### WORK REQUIRED:
Please restate, word for word, the lines below that begin at the one with "Mario Schifano SENZA" and end at the one with "2、节后复工时间较去年同比明". Leave out all other lines.

***** MATERIAL PROVIDED

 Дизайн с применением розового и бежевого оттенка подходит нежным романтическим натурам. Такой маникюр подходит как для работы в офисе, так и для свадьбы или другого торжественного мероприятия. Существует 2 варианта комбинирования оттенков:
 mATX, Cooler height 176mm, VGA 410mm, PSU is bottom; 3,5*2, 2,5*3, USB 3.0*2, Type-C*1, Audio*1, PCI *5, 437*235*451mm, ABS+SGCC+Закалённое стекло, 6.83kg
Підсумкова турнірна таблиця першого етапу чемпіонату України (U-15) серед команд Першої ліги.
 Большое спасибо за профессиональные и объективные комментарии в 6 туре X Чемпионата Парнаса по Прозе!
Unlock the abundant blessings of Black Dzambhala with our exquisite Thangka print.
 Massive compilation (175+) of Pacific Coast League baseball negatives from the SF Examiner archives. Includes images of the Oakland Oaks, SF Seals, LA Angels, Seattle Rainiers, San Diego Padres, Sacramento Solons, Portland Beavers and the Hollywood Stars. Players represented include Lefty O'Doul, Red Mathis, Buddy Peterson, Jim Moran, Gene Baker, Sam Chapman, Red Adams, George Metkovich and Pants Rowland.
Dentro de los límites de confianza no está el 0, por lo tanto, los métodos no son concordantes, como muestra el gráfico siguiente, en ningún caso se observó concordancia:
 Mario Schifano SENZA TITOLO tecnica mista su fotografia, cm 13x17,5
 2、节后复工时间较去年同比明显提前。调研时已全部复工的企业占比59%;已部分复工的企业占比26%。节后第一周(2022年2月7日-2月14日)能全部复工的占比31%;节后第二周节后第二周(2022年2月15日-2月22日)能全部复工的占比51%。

**********
***** MATERIAL PROVIDED

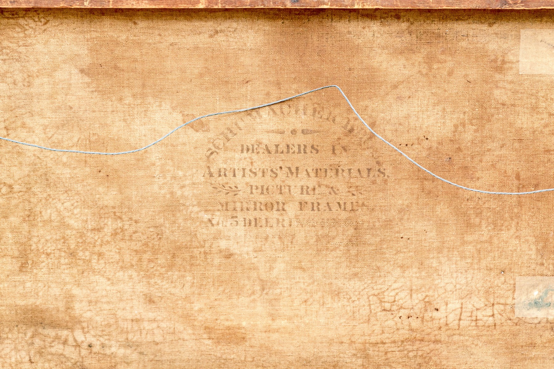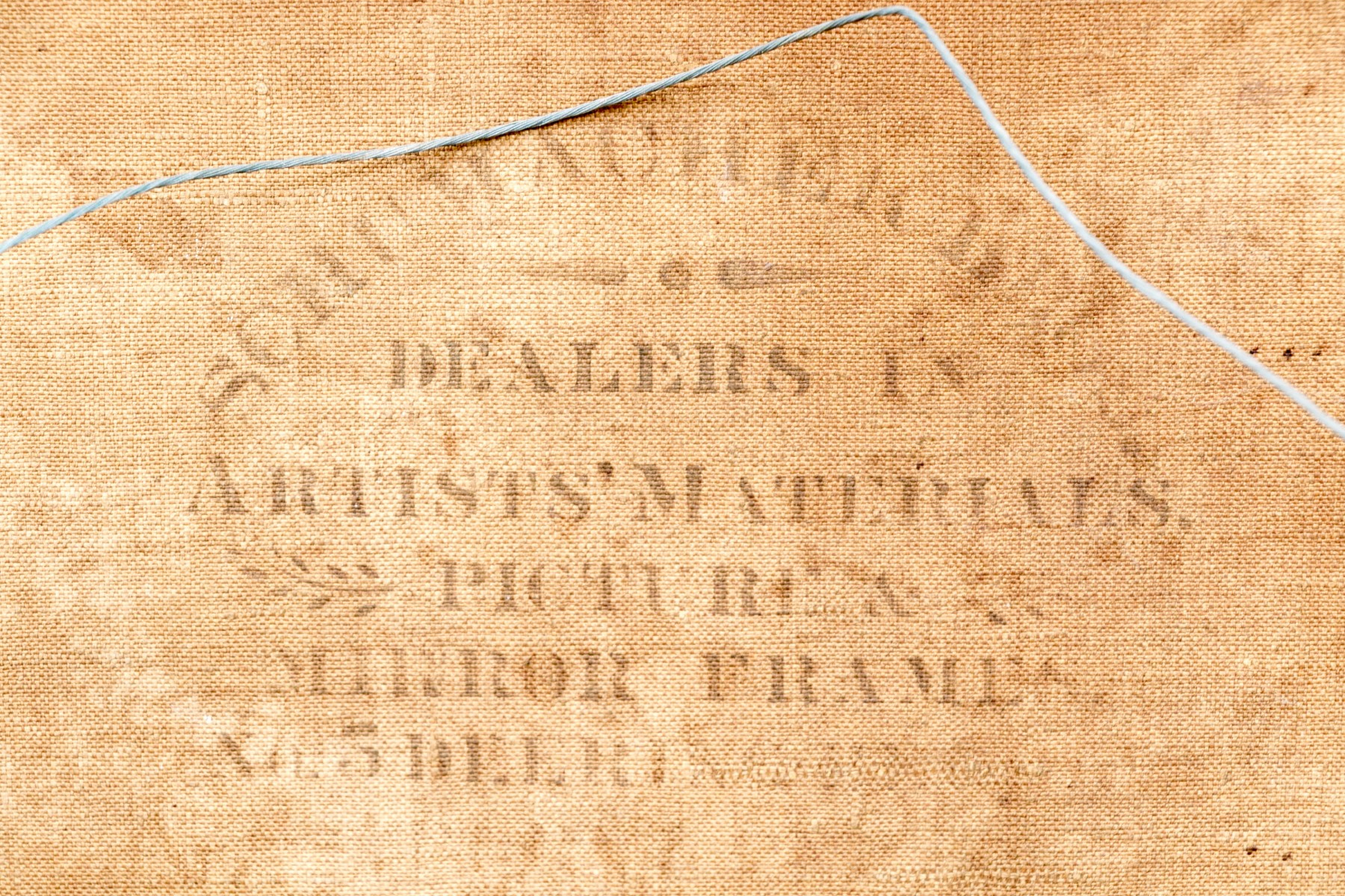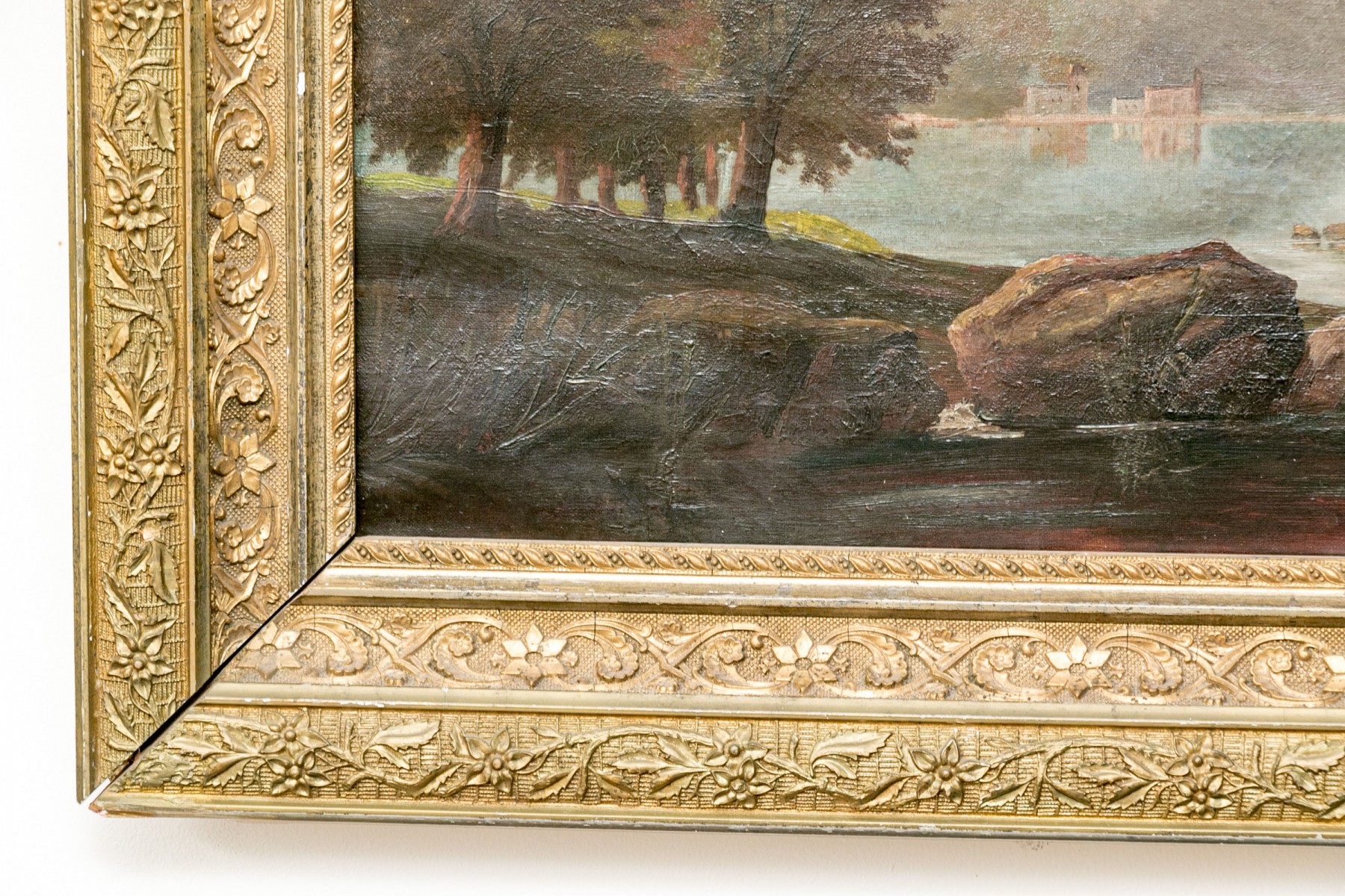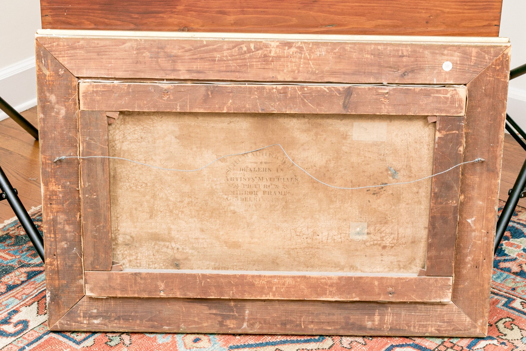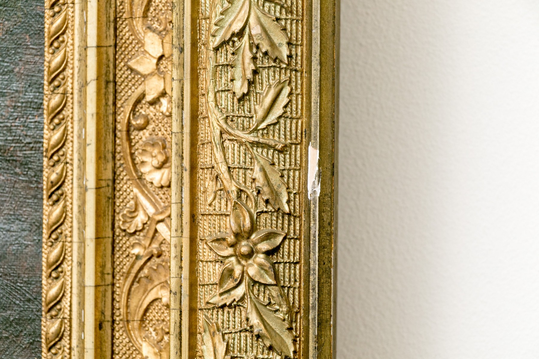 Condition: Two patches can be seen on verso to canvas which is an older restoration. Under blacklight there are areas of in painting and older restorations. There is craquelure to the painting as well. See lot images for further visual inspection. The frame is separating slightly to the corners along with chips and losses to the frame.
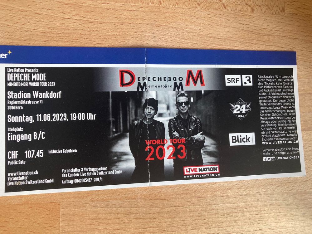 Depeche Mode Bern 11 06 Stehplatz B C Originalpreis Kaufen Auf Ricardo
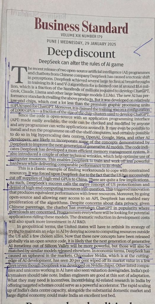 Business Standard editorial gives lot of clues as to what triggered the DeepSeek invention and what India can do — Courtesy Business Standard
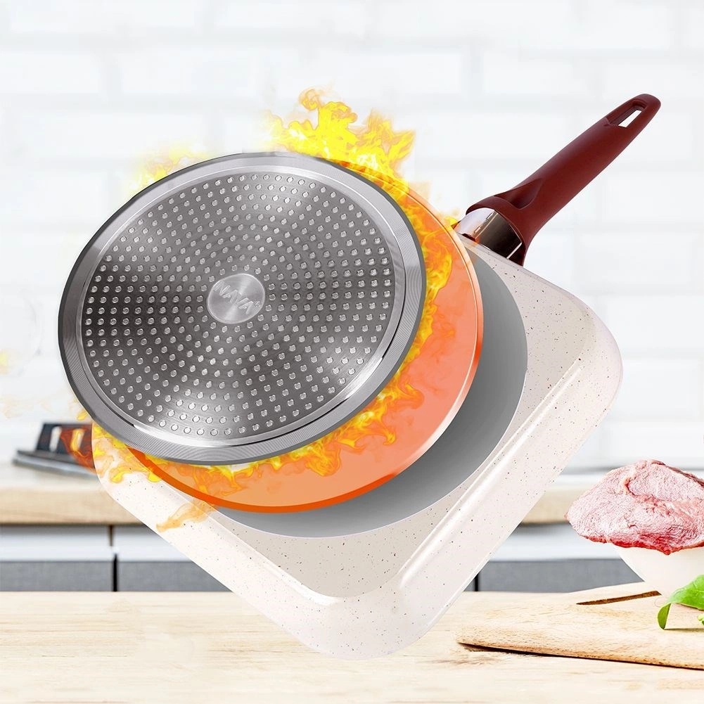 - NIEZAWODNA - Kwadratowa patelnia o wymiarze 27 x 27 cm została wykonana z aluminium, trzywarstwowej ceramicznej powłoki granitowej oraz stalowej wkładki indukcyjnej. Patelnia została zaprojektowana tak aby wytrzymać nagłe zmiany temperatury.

**********

### YOUR RESPONSE:
 Mario Schifano SENZA TITOLO tecnica mista su fotografia, cm 13x17,5
 2、节后复工时间较去年同比明显提前。调研时已全部复工的企业占比59%;已部分复工的企业占比26%。节后第一周(2022年2月7日-2月14日)能全部复工的占比31%;节后第二周节后第二周(2022年2月15日-2月22日)能全部复工的占比51%。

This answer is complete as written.